22 Ağustos 2009 Cumartesi

insani değerlerin herhangi birşeye değmediği günümüzde insanlara güvenemememin neden diğer insanlar için sorun olduğunu çoğu zaman anlamıyorum. 

doğduğum gunden beri sağlam bir aile güvenı elde ettiğimi sanmıyorum öncelıkle, babam devamlı şehir dışında uzun zamanalr geçirir ve annemle beraber ankaradaki evimizde yaşardık. annemde zaten sabah 9dan akşam 4 e kadar öğretmenlık yaptığı ve zaten bolca yorulduğu için yapması gereken temel işlerden dolayı bana harcayacağı zamanı elektirk süpürgesine, merdaneli çamaşır makınesıne harcadığından kucukluğume dair evde hatırladığım evın dip odasında uykum geldiği zaman yattığım üzeridne gri örtülü somya, 2 defterımın yanyana zor sığdığı açılıp kapanır masa ve teelvızyonun kucuk kumandasından ibaretti.

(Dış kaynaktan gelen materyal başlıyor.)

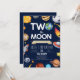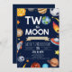 ¡Esta es una invitación a la fiesta de cumpleaños número dos en el espacio exterior de la luna azul!
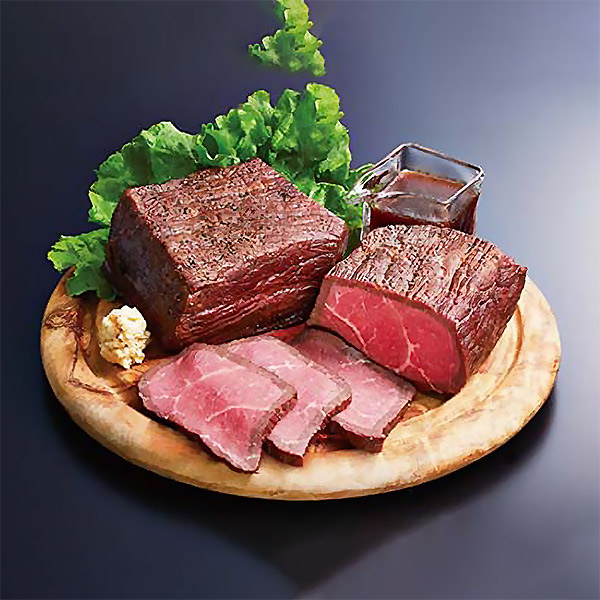 国産牛のモモ肉をシンプルな味付けで肉の旨味を引き出した、しっとりとした食感とジューシーな味わいのローストビーフです。
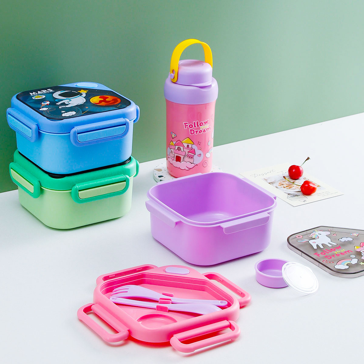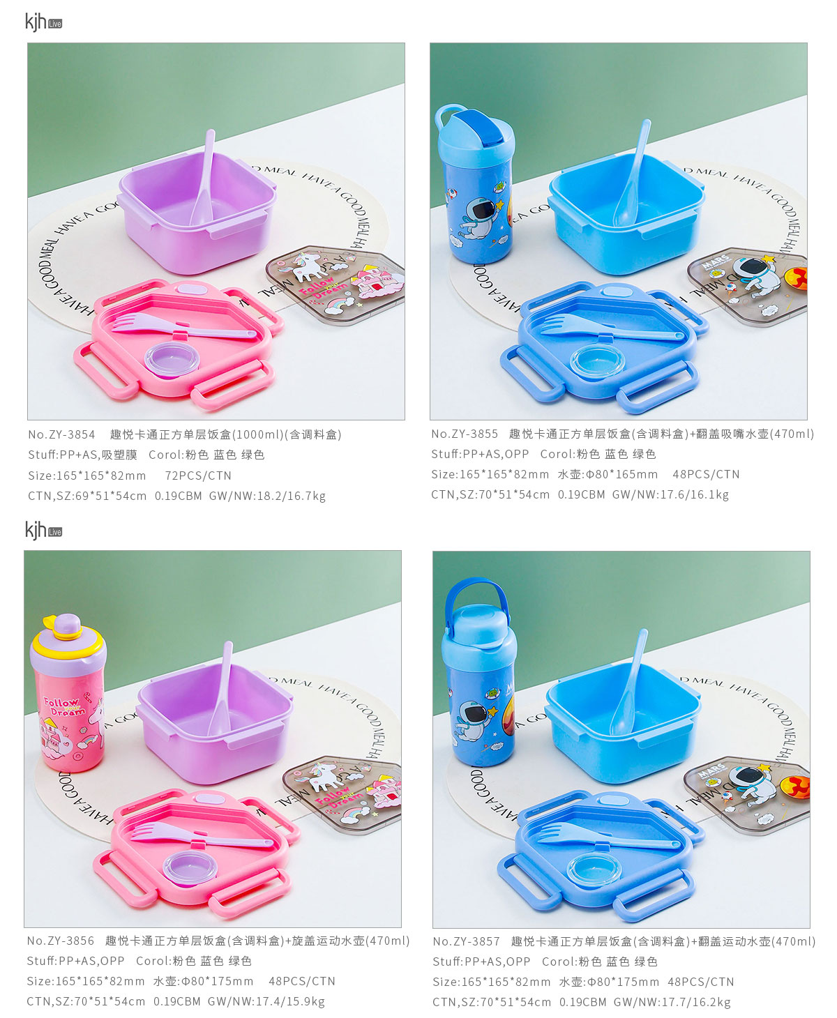 趣悅卡通正方單層/分格飯盒(含調(diào)料盒)+翻蓋吸嘴/旋蓋運動/翻蓋運動水壺
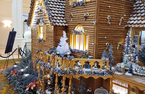 Christmas at Disney's Grand Flordian features a life size real ginger bread house, lobby Christmas tree of GRAND size portions. Walk or ride the monorail to Magic Kingdom. Watch fireworks from your room.
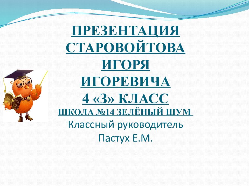 Первый слайд презентации: ПРЕЗЕНТАЦИЯ СТАРОВОЙТОВА ИГОРЯ ИГОРЕВИЧА 4 «З» КЛАСС ШКОЛА №14 ЗЕЛЁНЫЙ ШУМ Классный руководитель Пастух Е.М
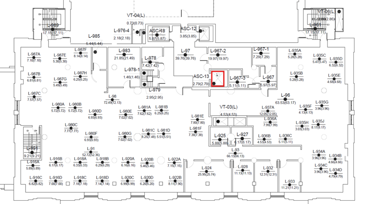 • L-9 : l’accès à l’ascenseur 13 sera interdit pendant la durée des travaux (voir localisation de l’ascenseur 13 sur le plan ci-dessous)

ilk okula gitmeye başladığım zamanlardaysa, 1. sınıfta sınıf öğretmenımın verdiği ödev olan hecelerı ab ac ad af şekilnde babannemın tabırıyle ''çarptırmalı'' okuma alıştırmalarını dğru okuyup okumadığımı gostermesı için annemın yanına gitmiştim. annem o zaman tv karşısında fasülye ayıklıyordu durumu anlattım, annemde tamam oku hadi ben takip ediyorum seni dedı ve ben kafamı eğdım kıtaba okumaya başladım ab ac ad af ag.. epeyde iyi okuyordum ve o kadar mutluydum ki annem yanımdaydı ve sınıftaki diğer çocuklar gibi bende bir nevi ödevımı annemle yapıyordum yardım edıyordu bana, tek başıma oğrenmek zorunda değildim ve bir yanlış yaparsam durup duzeltecektı. evet duzeltecektı biliyordum bunu. bılerek ''ef'' i atladım ''eg'' dedim ki annem fark etsin hemen soyelsın oğlum ''ef'' i atladın ''eg'' i soyledin desin. ama demedi annem. kafamı kaldırdım annem bir yandan tv yi izliyor bir yandan da fasulyelerle uğraşıyor. anne dedım ben ef i atladım eg dedim, tamam oğlum bir daha yapma oyle. dinlemıyordu annem benı. 

ilkokul 3. sınıfta sınıfın en güzel ufak tefek kızı klasmanında göz dolduran bir kıza aşık olmam ve en yakın arkadaş grubumdakı herkese bitişi mozartın türk marşı olan teneffus saatlerınde temız havayı teneffüs etmek yerıne en yakın arkadaşlarıma dun gece o kızı gorduğum ruyayı anlattığım gunlerın sonunda en yakın arkadaşımın yıl sonunda o kızla el ele dolaşması herşeyi dahada beter hale getirdi.. 

lise çağlarıma geldiğimde ise yatılı bir okulda okudum ve okulda yatılı kalan yaklaşık 150 ye yakın insanla aynı şeylerı yeyip aynı muhabbetlerı yaptığımız bir nevi ufak bir komün şekilndeki toplumsal hayatımızda dış dunyada karşılaşacağım kin nefret ızdırap dedikdu aşk ihtiras sadakat sevgi gibi bir çok temel duygu ve davranışın prototipinin yaşanmasıda benı bu komünü izlemeye sevk etti. ve lisede son yıla geldığımde 'insan davranışları uzerıne notlar' şeklinde kapak ismi bile koyduğum çeşitli durumlarda insan psiklojısının verdiği tepkileri yazdığım notlarım ortaya çıkmıştı. ve bu komünal hayattaki güçlünün, zekinin, ağzı iyi laf yapanın ayakta kaldığı, diğerlerini ezdığı hayat duzenını öğrenmem inananın çok fazla zamanımı almadı ve bunu anlamamla kendımı derslere vermem bir oldu çunku geçirmem gereken bir zamanım vardı ve ınsanalrdan uzak anca bu şekilde geçirebilirdim.

şu an arkama dönüp baktığımda bir çırpıda bu kadar fazla örneği tek solukta verebılıyor olmam yirmi kusur yıldır yaşadığım beşeri kalp kırıklıklarımın, hala gördüğüm kabuslarımın gönullu mümessili olan güveni boşa çıkaran insan formundaki canlılara karşı veremediğim ''siktir et'' tepkisinin bu durumun asıl nedeni olduğuna dair sağlam kanıtlarım mevcut.